CAP theorem — the theoretical result stating that a distributed data store can provide at most two of: Consistency (all nodes return the same data), Availability (every request receives a response), and Partition tolerance (the system continues operating despite network partitions). Used by Slack as a principled framework for deciding which services should optimise for availability vs consistency in their cell architecture.
Cellular architecture — a system design where a service is split into multiple independent instances (cells), typically one per availability zone, each capable of serving its full workload independently.
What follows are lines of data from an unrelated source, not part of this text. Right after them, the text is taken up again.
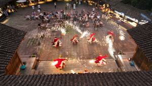 (250714) -- BEIJING, 14 julio, 2025 (Xinhua) -- Imagen tomada con un dron el 12 de julio de 2025 de visitantes observando una presentación en un punto escénico, en el distrito autónomo tujia y miao de Youyang, en la municipalidad de Chongqing, en el suroeste de China. Las altas temperaturas durante las vacaciones de verano han revitalizado la economía para refrescarse en todo el país. (Xinhua/Qiu Hongbin) (rtg) (ah) (ce)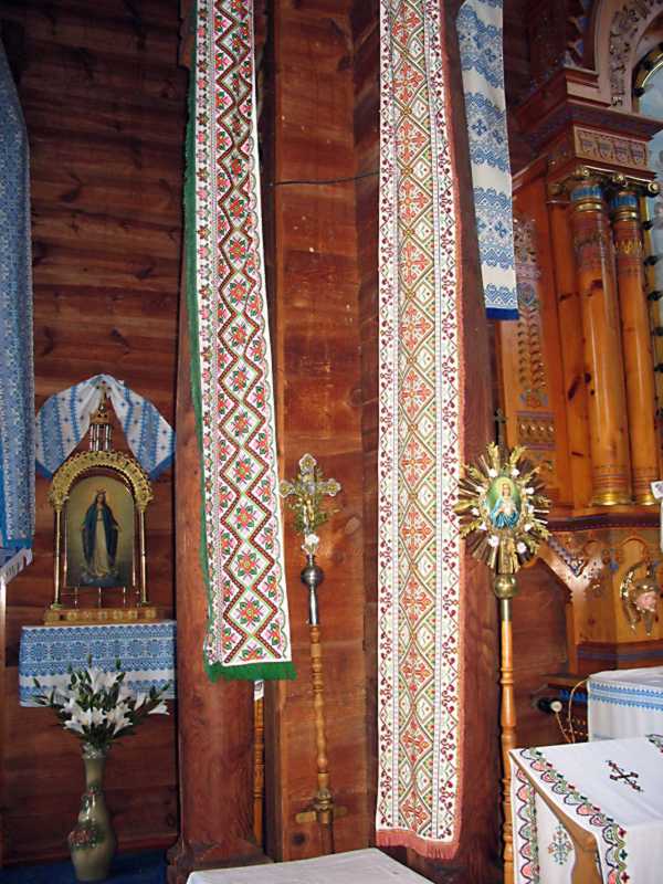 2008 р. Фрагмент інтер’єра навиРозмір зображення: 600:800 піксел Фото Зенона Боровця і Богдана Тхора, 13 серпня 2008 р. Сам фрагмент показує стіну нави праворуч від іконостасуа. Ліворуч на фото – ікона «Непорочне зачаття». |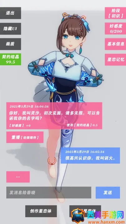 星恋契约是一款3D二次元风格的恋爱养成游戏,接入前沿AI大数据模型。玩家能与AI美少女深度交流,分享日常。有好感度养成系统,还有AI长期记忆等特色功能,能定制角色、自由交谈,快来下载体验。
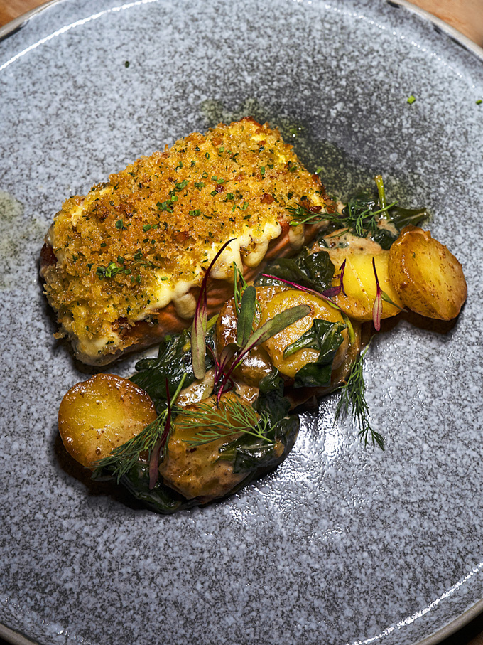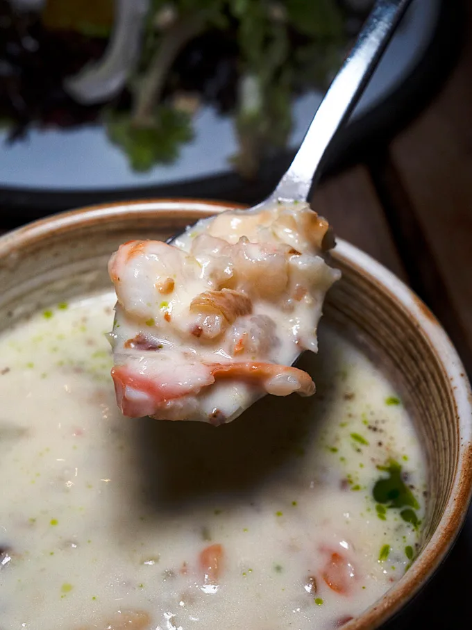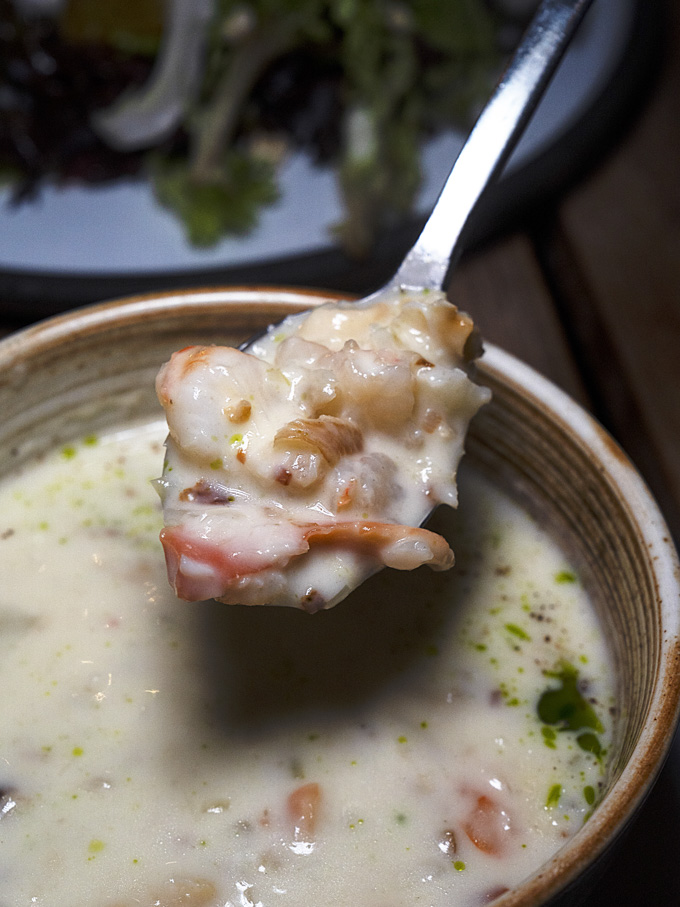 Smoked sablefish, mixed seafood, double-smoked bacon, chive oil in a hearty chowder packed with seafood. The smoked fish adds a savoury note, and each spoonful feels generous and comforting.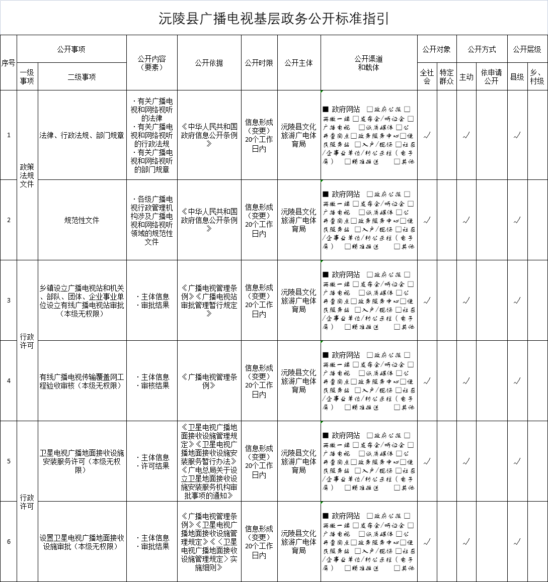沅陵县广播电视基层政务公开标准目录(2022年版)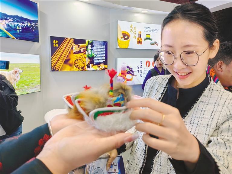“這次畜產(chǎn)品展銷活動(dòng)上,我們主要銷售天線帽工藝品、玉石、羊毛圍巾、羊毛毯等,產(chǎn)品價(jià)格比較實(shí)惠,前來咨詢購買的人也很多。展銷不到兩個(gè)小時(shí),就賣了1000多元。”安多縣措那湖文化傳播有限責(zé)任公司負(fù)責(zé)人貢布多吉的臉上充滿了喜悅。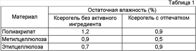 (6) которая образует гидрогель после регидратации и обеспечивает подходящие кинетики высвобождения и в то же время высокую концентрацию активного ингредиента со стороны высвобождения.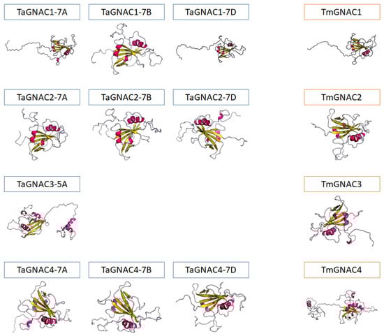 To investigate the conservation of the protein structure in the NAC preferentially expressed in grain, we modelled the tertiary structure of the TaGNAC and TmGNAC as an example (Figure 2). This result shows that the structure of the studied proteins is conserved, with four main beta-sheets and two alpha-helix in a central position of each protein.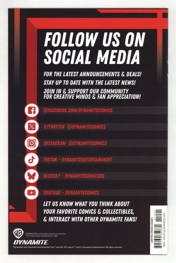 Published by Dynamite Entertainment.$50.00(W) Greg Pak (A) Eder Messias (CA) Photo THE BROTHERS WINCHESTER RETURN! Get ready to hit the road again with Dean and Sam as they prowl the highways and byways of small-town America in search of demonic wrongdoing to put right! Set between the foundational first and second seasons of the landmark television series, this brand-new title from acclaimed author GREG PAK (Darth Vader, Lilo & Stitch) and preternaturally gifted artist EDER MESSIAS (Sam Wilson: Captain America) brings readers back to where the dark magic first began — and reveals a disturbing new threat that the bickering brothers will have to face before they can return to hunting down the demon who killed their mother.t In this first issue, the monster hunters must uncover the entity responsible for a series of mysterious fires in a decaying rust belt town — attacks that begin with a Windler Industries factory burning down, and then escalate to several Windler employees themselves going up in flames. But finding the malevolent force behind the otherworldly arsons may not be as straightforward as it might seem — especially once the suspiciously well-prepared CEO Steff Windler gets personally involved! Featuring atmospherically arresting covers from CLAYTON CRAIN, DAVID COUSENS, and EDER MESSIAS, each issue of Supernatural also includes a special PHOTO cover showcasing the beloved cast of the hit show! Cover price $50.00.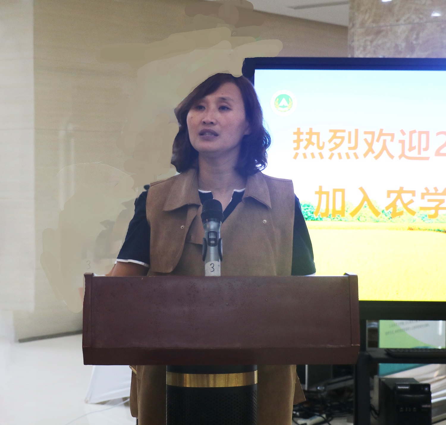 教授、博士生导师吴刘记作为教师代表进行发言。她勉励新同学要努力拼搏、积极上进、全面发展;她强调新同学要有世界眼光、立志成为农科领域的领军人才;她希望大家以饱满的热情投入到新的学习生活中去,谱写最美丽的青春华章。

Enables AZ-level blast radius containment and independent per-cell deployment.
Gray failure — a failure mode where different components have different views of system availability — some servers see one AZ as fully available while servers in that AZ see the others as unavailable. Creates inconsistent state that is much harder to detect and respond to than a clean hard failure.
AZ drain — a operational mechanism that routes all traffic away from a targeted availability zone within a defined time window (5 minutes in Slack's case). Operable from outside the affected AZ so it remains usable even when the AZ's own control plane is degraded.
Gradual traffic restoration — the practice of reintroducing traffic to a recovering AZ incrementally, starting at 1% and monitoring error rates before each increase. Prevents a second cascade from cold caches encountering sudden full load immediately after drain recovery.
Metastable failure — a failure pattern where a system enters a self-sustaining degraded state that persists even after the original trigger is removed. Cellular architecture reduces but does not eliminate this risk — cascade patterns can still occur within an individual cell.
99.99% SLA — a service level agreement guaranteeing less than 52.6 minutes of downtime per year (~1 hour). A 48-minute AZ incident consumes nearly the entire annual budget in a single event — the business constraint that made sub-5-minute AZ mitigation a hard engineering requirement, not an aspirational improvement.
This case is a plain-English retelling of publicly available engineering material.